:: Task requirements ::
Restate the listing word for word; omit the images.

:: Data section ::
*****

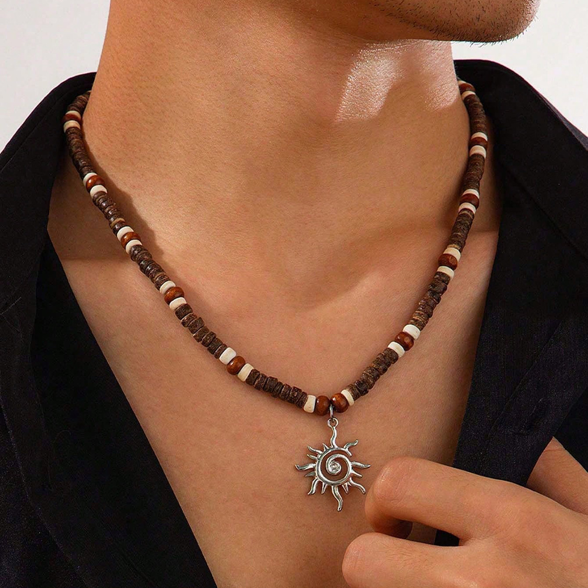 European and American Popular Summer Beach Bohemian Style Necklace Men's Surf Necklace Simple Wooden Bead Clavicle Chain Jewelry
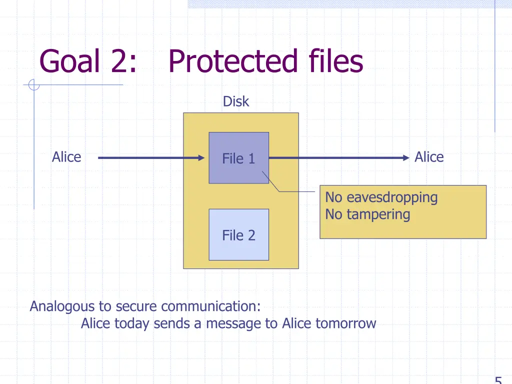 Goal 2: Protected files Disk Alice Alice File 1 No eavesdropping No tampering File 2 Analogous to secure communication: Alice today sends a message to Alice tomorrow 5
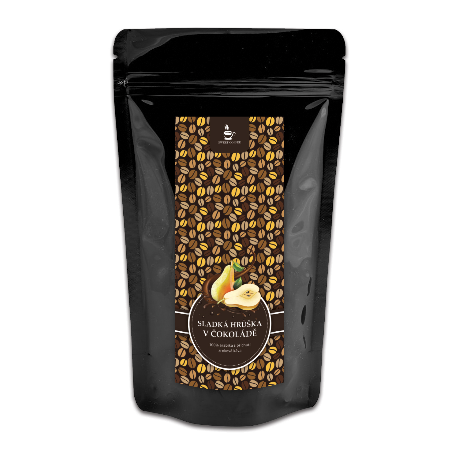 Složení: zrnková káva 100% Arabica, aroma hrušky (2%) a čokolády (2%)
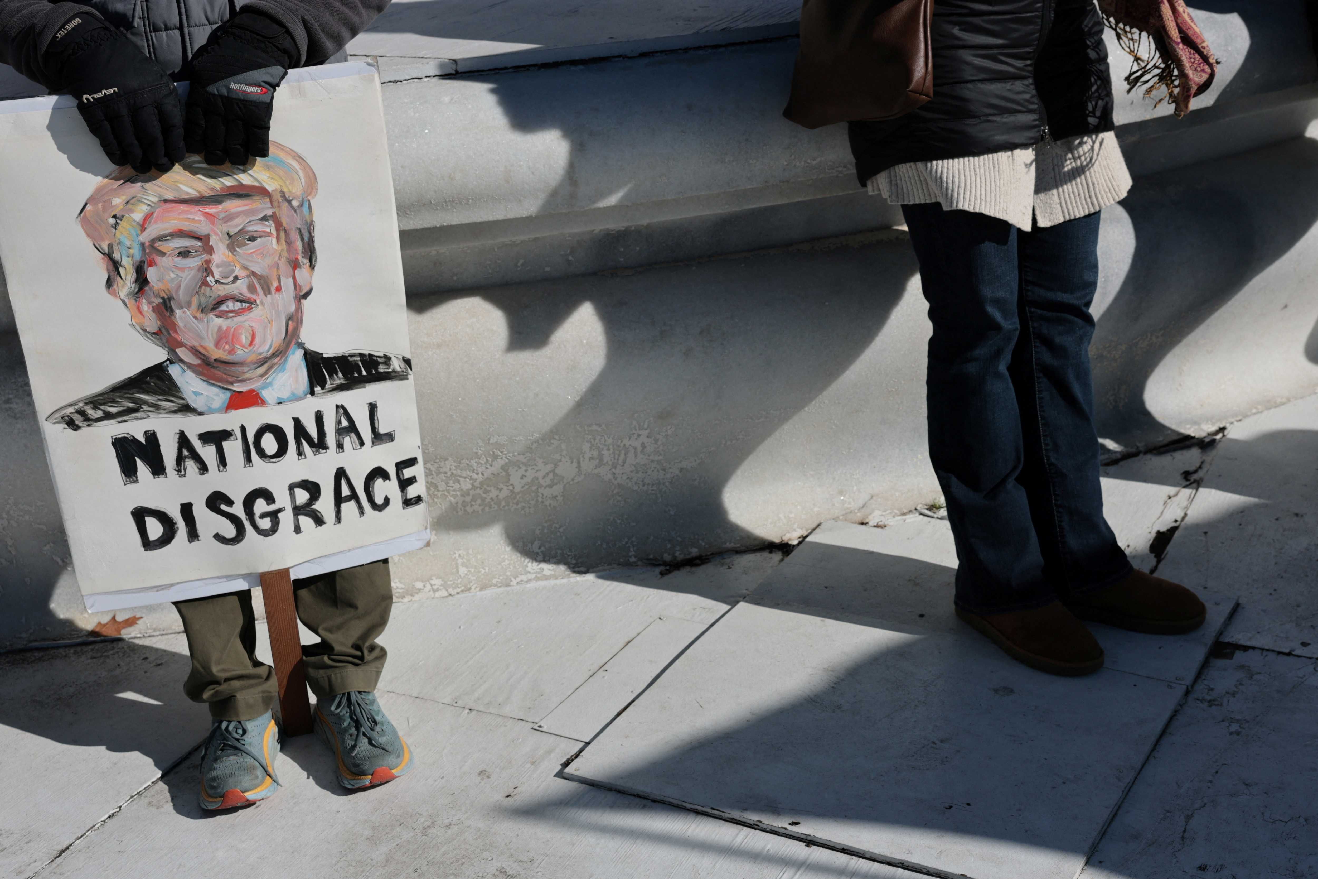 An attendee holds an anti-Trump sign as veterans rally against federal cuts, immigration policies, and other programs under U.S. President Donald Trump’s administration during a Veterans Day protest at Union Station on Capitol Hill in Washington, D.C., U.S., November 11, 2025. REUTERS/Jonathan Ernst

*****

:: The completed task ::
 European and American Popular Summer Beach Bohemian Style Necklace Men's Surf Necklace Simple Wooden Bead Clavicle Chain Jewelry
 Goal 2: Protected files Disk Alice Alice File 1 No eavesdropping No tampering File 2 Analogous to secure communication: Alice today sends a message to Alice tomorrow 5
 Složení: zrnková káva 100% Arabica, aroma hrušky (2%) a čokolády (2%)
 An attendee holds an anti-Trump sign as veterans rally against federal cuts, immigration policies, and other programs under U.S. President Donald Trump’s administration during a Veterans Day protest at Union Station on Capitol Hill in Washington, D.C., U.S., November 11, 2025. REUTERS/Jonathan Ernst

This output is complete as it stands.